The Safe Road to Epiphany Dan Shares his Story Hero Experience

By: Dan Kenkel in RTC Testimonials
on December 20th, 2021

When Genevieve invited me to participate in the Story Hero project, I gladly accepted her invitation.

I am a member of her Facebook community, and it is a place of safety and respect that allows for vulnerability to emerge as a community norm. This is important to the story.

On the Clubhouse app, I was asked to share a story. It was vulnerable and raw, and had been a story that was like a battered kite in my stormy head, blowing around in the form of feelings and images instead of words.

Polyvagal theory points out that our stories follow our neuroceptive state. Our internal stories are highly steered by either cues of safety and social connection, or conversely, cues of threat and danger.
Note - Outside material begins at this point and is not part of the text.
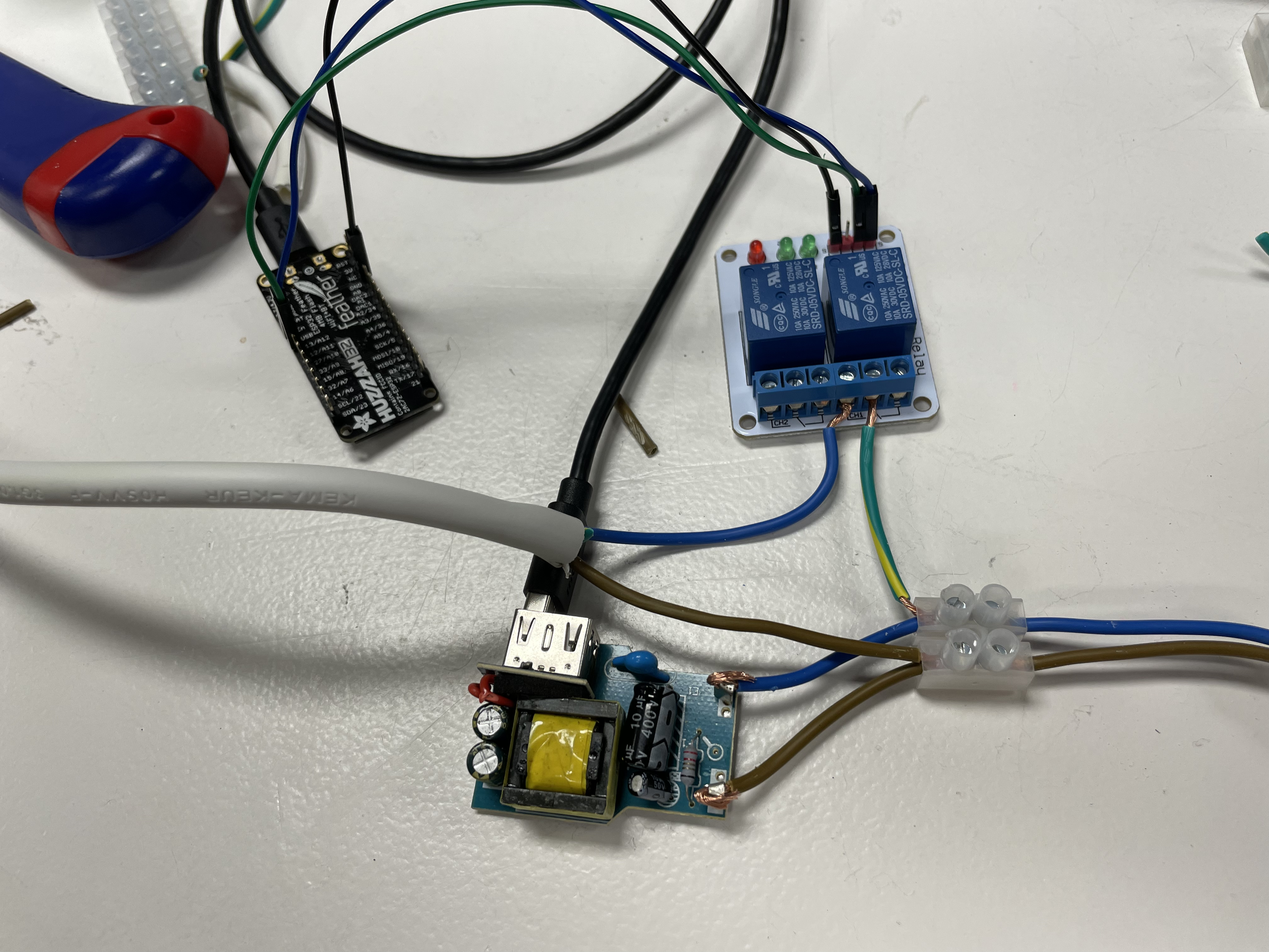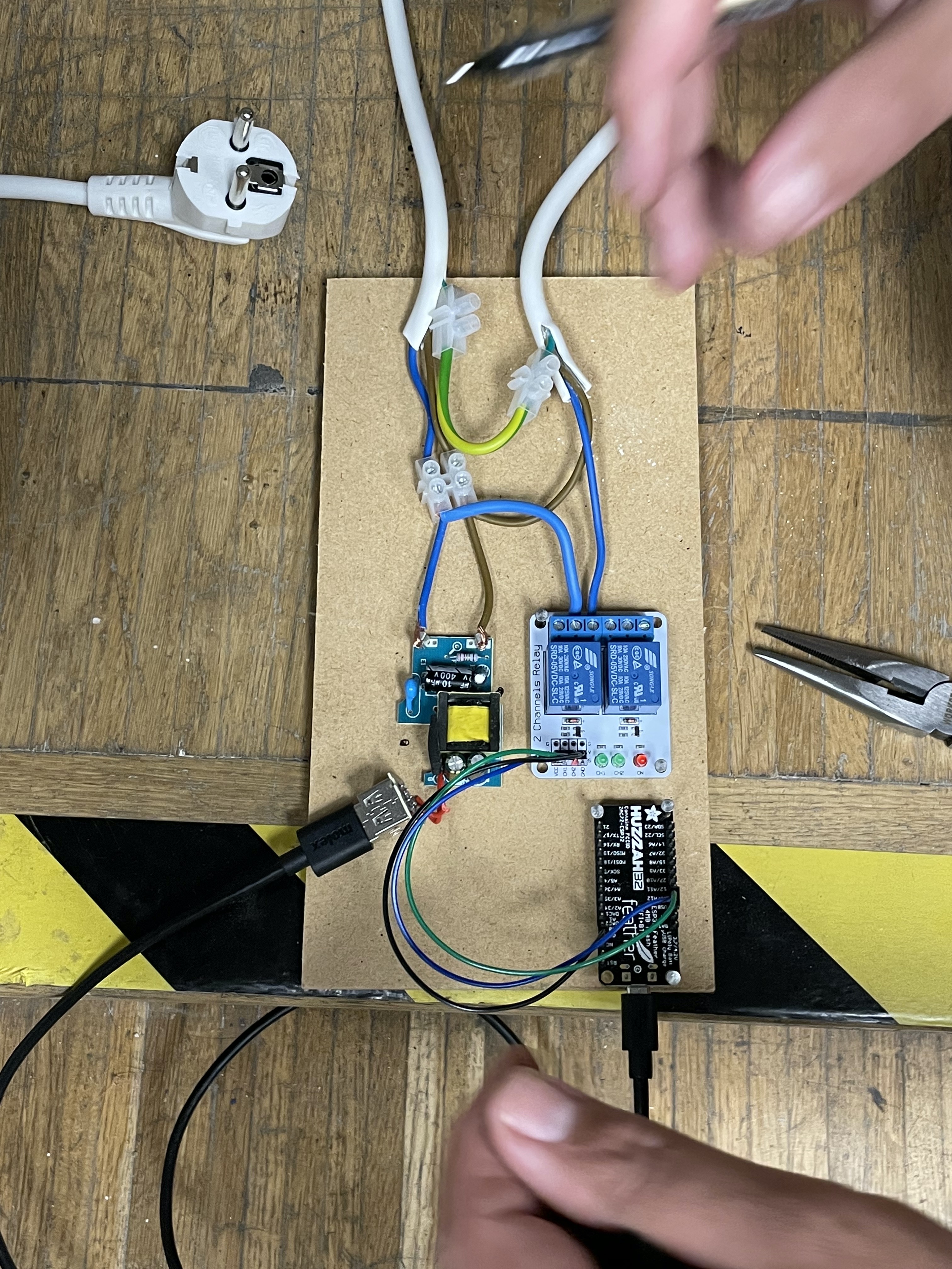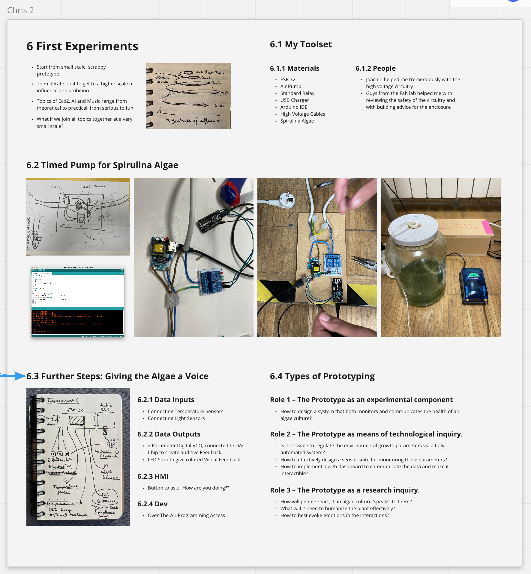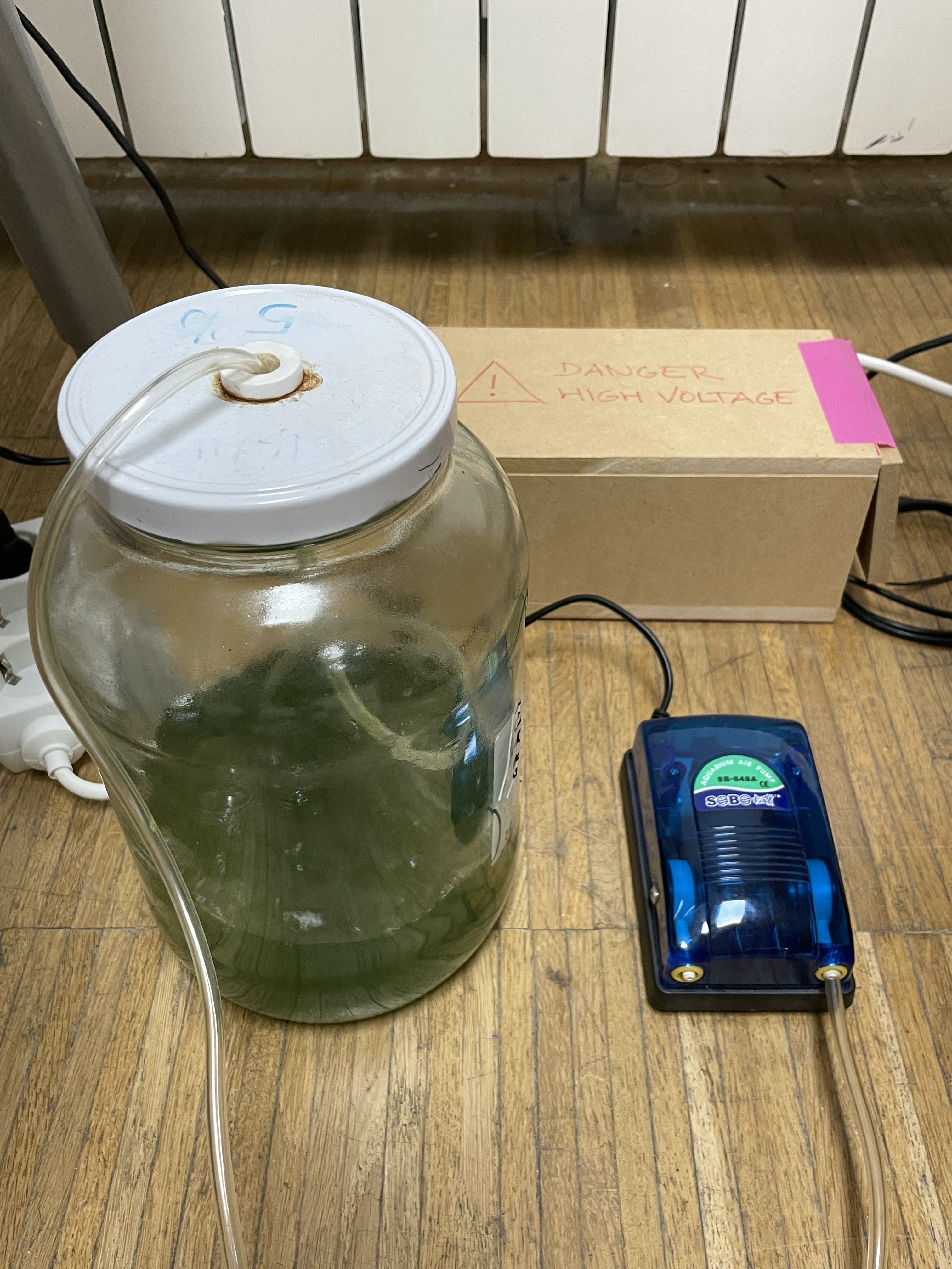 Although conceptually based on my personal design space and the desired professional profile, the idea for my experiment came in a surprisingly accidental and organic manner. In the Bio & Agri Zero seminar, we were introduced to an algae species named Arthrospira (called in the following Spirulina after its edible biomass and for simplicity), which features remarkable qualities as a food supplement, and entrusted with our very own culture to take care of in a five-liter glass jar. Besides light, nutrients and the correct PH-level, this culture needs a steady influx of O2 in it's medium to grow effectively. This happens preferably through a air pump, which should be switched on approximately five minutes every hour. However, the time-switch for our air pump was broken – which meant a slowed growth for the algae at best, the death of the culture at worst. This is how I decided to prototype a time switch for this air pump based on a ESP-32 microprocessor. While the corresponding program was quickly written, assembling the physical high voltage circuitry and building a custom wood enclosure, thus making it safe to run 24/7 without any supervision, took more effort. Below you can find images of the process leading up to and including the final prototype. This pump is now deployed to supply O2 to the algae in our classroom.

Happily ever after, or fight and flight. Either way our neurocepting acts as a lens that filters our perception of experiencing the world.

The Safe Road to Epiphany Dan Shares his Story Hero Experience Dan

As I began, I had to voice my turbulent feelings for the first time. The safety in the group allowed me to tell my story as well as hear it for the first time as it was tumbling out of my mouth. I realized in the telling that my story had its roots in my trauma history, and that the story that had been swirling in my head was incongruent with my deeper, open-hearted, and now unveiled truth. I felt the gap between what I had internalized and what I knew to be genuine.

What I realized as I came to the end of my telling was that while my words still stuck to my trauma script, my soul saw it for what it was, and it just didn’t feel legitimate anymore. What emerged was a deeper, more authentic, and self-compassionate narrative. What began to rise felt like truth.

Afterward, Gen and Corey provided empathetic and supportive feedback that made me feel heard, but if I’m honest, their words were muted by the internal noise in my head that was trying to arrange my new perspective of my story into a framework that had been cast free from alarm, fear, danger, and shame.

Voicing my story in a safe and caring environment pushed me to actually materialize and contrive my feelings and thoughts into a story that I neither liked, or . . . deep down, even really believed. It was a profoundly transformative experience. I’m not even kidding. It was an epiphany.

Story follows state. In the telling of our internal narratives, sometimes, with a safe and empathetic group grounded in trust, we can be allowed to see the role that our internal threat sentinel plays in framing our stories, and how it can distort our more authentic truth. At least that was the case for me.

Thank you, Corey and Gen, for allowing me to be part of this project. I am not only truly grateful for this experience, but I’m also totally hooked on the process!!!